— вон, показывают, солнце светит!
— Любят! — хмыкнул вирник.
— Но разум-то у них есть или нету?!
— Это народ лесной, моленья у ручья творят — дождя от него ищут. Им что хочешь говори — не разумеют. У них ума нет, объяснений и уговоров не поймут! Бить их надо, да посильнее, — и все!
Вирник обернулся, взял из рук Опенка полную кружку и, громко чмокая, выпил.
Кулик обратился к своим:
— Этот пьяный осел опять говорит, что мы поступаем тут неверно. Смердам ничего объяснить нельзя, бесполезно. Разум их еще не развит, и мир они воспринимают лишь чувствами. Добро и зло понимают лишь на самом животном уровне: холодно-жарко, больно-приятно… Это стадо без пастырей!
— Не надо слишком доверять этому воину, — произнес пожилой попин, — он тоже русич. Но он и княжий дружинник, поэтому ему выгодно верить в истину христианства. В душе же он, может быть, еще больший язычник, чем все смерды.

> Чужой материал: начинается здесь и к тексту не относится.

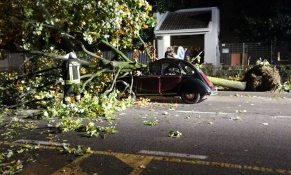 Albero sradicato dal maltempo si abbatte su una macchina

— Пусть он язычник и лжехристианин, но говорит он верно. Мы объясняем и объясняем этим полулюдям свет истины, но они не понимают ее. Сколько уже дней и ночей я говорю им о величии и могуществе Христа, а до сих пор лишь вон тот мерзавец делает вид, что воспринял новую веру, — мотнул головой в сторону Опенка Кулик.
— Он плюнул на Рода, плюнет и на Христа.
— Да знаю я это — и плохо, конечно, что первым христианство воспринял такой человек. Но, повторяю, мы поступаем неверно, так долго уговаривая язычников. Епископ Михаил и князь Василий в Киеве за один день обратили в веру тысячи; мы же этих зверей все убеждаем, но слова наши не проникают в их тьму.

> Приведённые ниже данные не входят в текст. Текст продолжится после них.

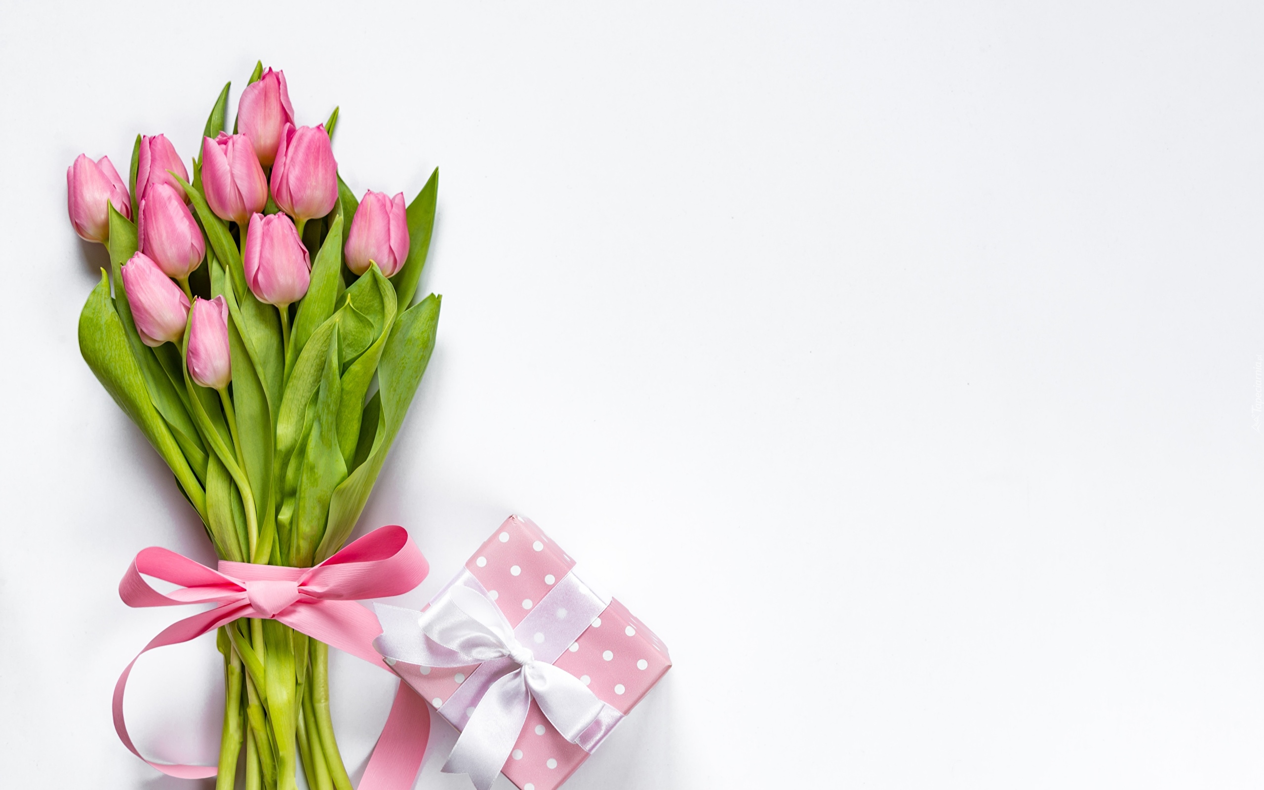 Edytor tapety: Prezent obok wiązanki tulipanów

— Значит, надо остановиться и избрать иной путь, — заговорил третий попин. — Я думаю, сейчас нужно во что бы то ни стало отыскать украденного и скрытого ими кумира. Если не найдем, плохо будет. Храм святой воздвигаем, но двоеверие сохранится. Из-за страха они станут приходить сюда и покорно слушать наши проповеди, а потом пойдут в свои тайные кумирни к идолам посмеются над нашими словами.
— Правильно это, но где искать Рода?
— Волхва их следует еще раз выпытать; старики с ним говорили, он при нас извлек их из кладбища для языческого костра…
— Но он говорит, что волхвом себя не считает.
— Раз его смерды почитают за волхва, верят ему — значит, и мы можем…
— Никому они не верят, даже своим бесам!
— Зачем же тогда прятали Рода?! Нет, этот волхв особый тут человек… В Киеве был, по земле русской долго ходил. Вот если бы вместо тупого Опенка мы обратили его, все пошло бы скорее!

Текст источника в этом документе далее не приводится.